Large, light weight mirrors that can achieve the required angular resolution in visible light is one key area of technological development. High dynamic-range imaging requires near perfect control of the “wave fronts” of light so that speckles of starlight, created by subtle aberrations in the telescope optics, won't create a glare that would obscure faint planets.
A current major area of emphasis for ExEP is the development of these starlight suppression methods, including coronagraphy and starshade technology. Various in-telescope occulting techniques are being researched for the future WFIRST mission, which is currently planned to include a coronagraph as part of the mission design. External starshades, which suppress starlight via an occulter component that flies separately from the main telescope, are also being investigated.
Optical/infrared interferometry is another key technology area of the ExEP program for the second generation of space-based exoplanet missions. Traditional telescope designs have an achievable resolution that is limited by the diameter of the telescope's primary mirror. When telescopes are combined in an array, the achievable resolution is limited instead by the separation of the telescopes. A space-based infrared interferometer would allow access to an additional suite of biomarkers, and would enable a measurement of the radius and atmospheric temperature of these pale blue dots.

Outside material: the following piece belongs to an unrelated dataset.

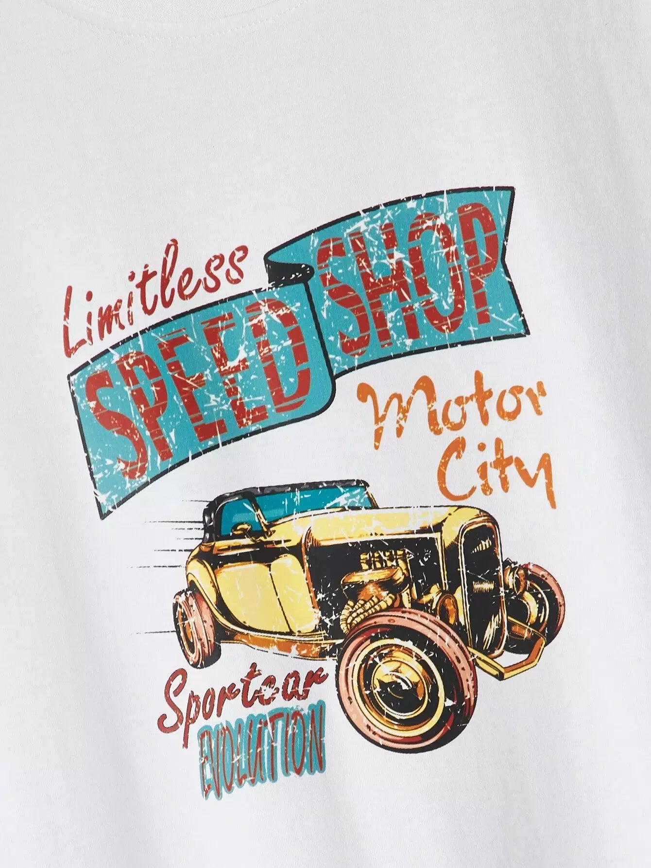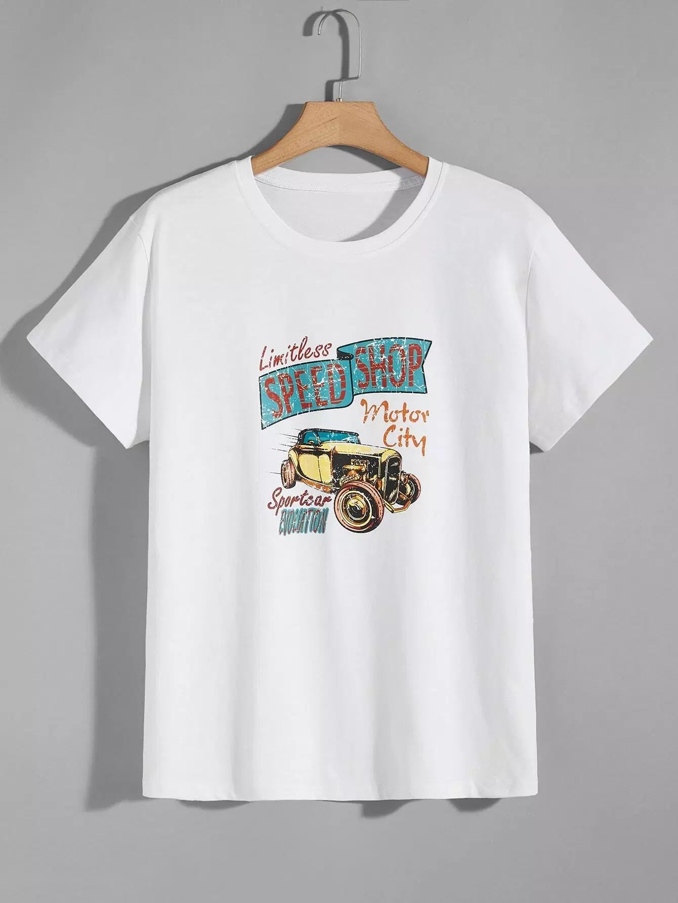 تي شيرت رجالي بتصميم سيارة ورسومات حروف
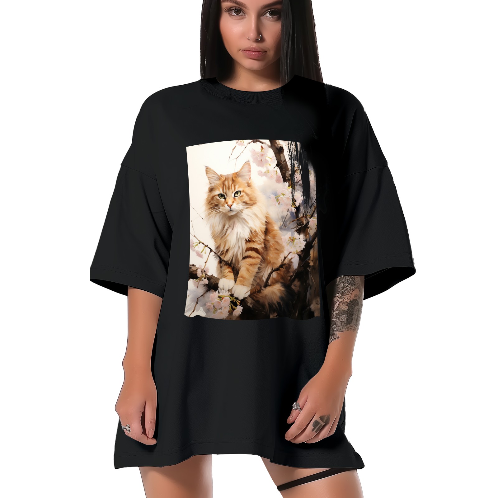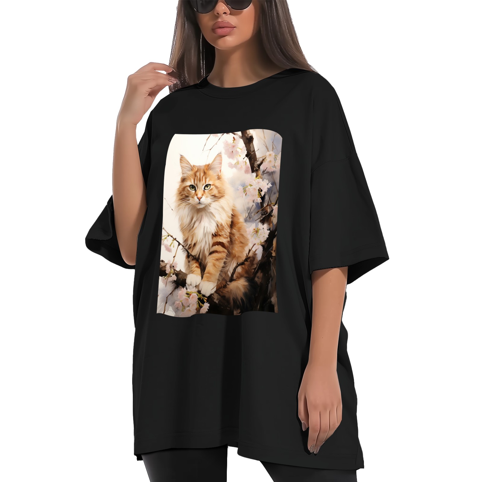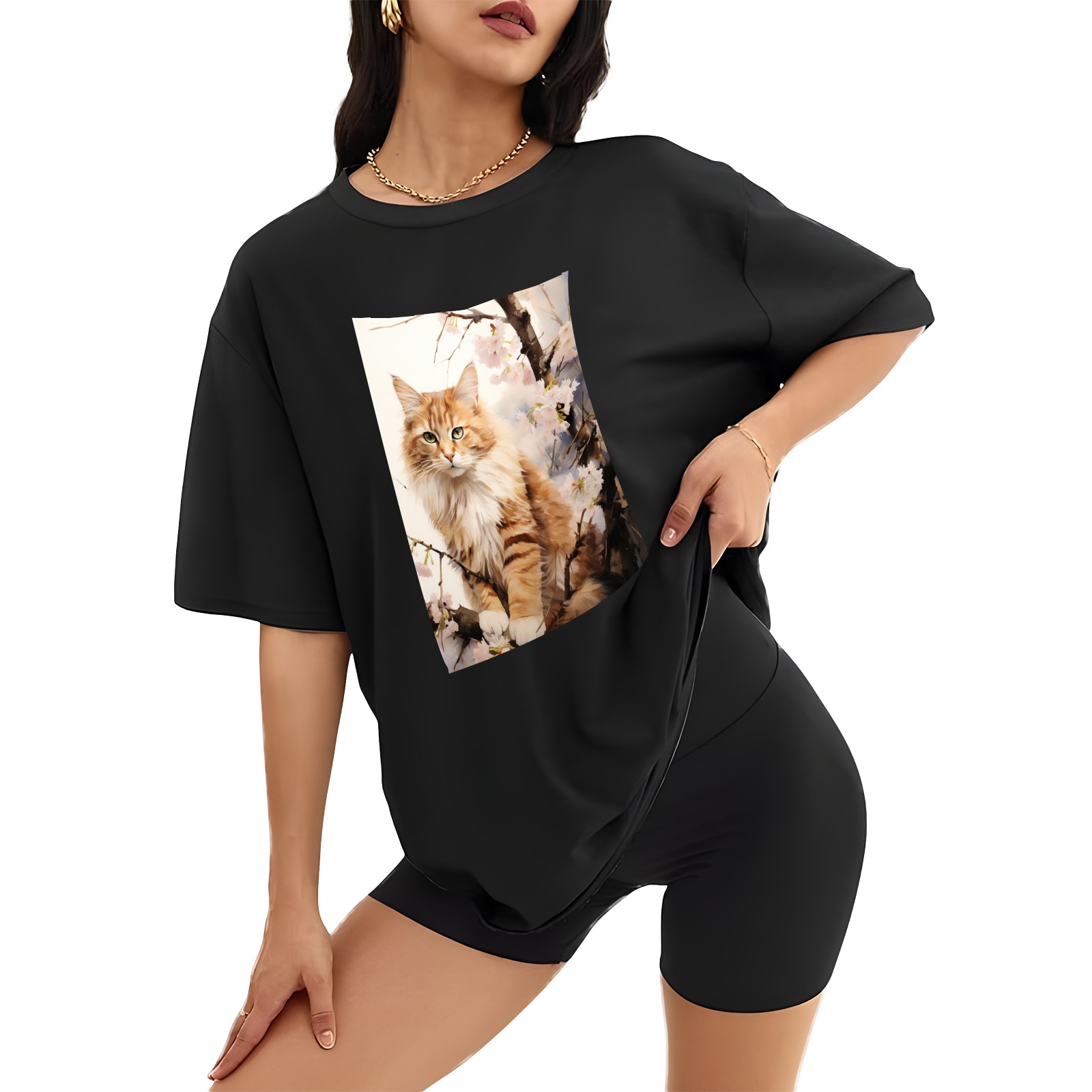 Plus Size Shirt for Women Black Tops for Women Short Sleeves Shirt for Women Cats 46 T Shirt Crewneck Shirt for Women XS

Looking even further in the future, arrays could be built that would have the resolution of a single telescope whose primary mirror was several hundred meters in diameter. When implemented in space, free from the distortions of the turbulent atmosphere, such interferometers hold the promise of resolving the surfaces of planets around nearby stars, potentially enabling the identification and characterization of oceans, continents, and weather and climate patterns. ExEP has supported research in formation flying technology necessary to keep such an array precisely positioned in space.
Big Questions and Exciting Answers
The explosive growth of the exoplanet field has been stunning. Questions once thought unanswerable are now being resolved. Just a few years ago, astronomers were unsure if planets were common in the galaxy, and if small ones like Earth represented any significant fraction of them. The wide net cast by the Kepler mission has taught us the exciting truth that exoplanets, especially ones the size of Earth, are ubiquitous. Future missions will complete the census begun by Kepler, providing a full accounting of the ubiquity and diversity of planetary systems, including a determination of how common solar systems like our own are in the galaxy.
At the same time as astronomers seek to find an Earth-like world, numerous other discoveries have indicated an exotic and nearly limitless galaxy of possibilities, from enigmatic gas giants that orbit mind-bogglingly close to their stars, to planets around binary and trinary systems that experience multiple sunrises and sunsets.
As a new frontier of astronomy, the young science of exoplanets has witnessed an unprecedented explosion in knowledge and discovery. NASA’s Exoplanet Exploration Program is dedicated to furthering the pursuit of the answers to some of humanity’s biggest questions--questions that only this field can answer.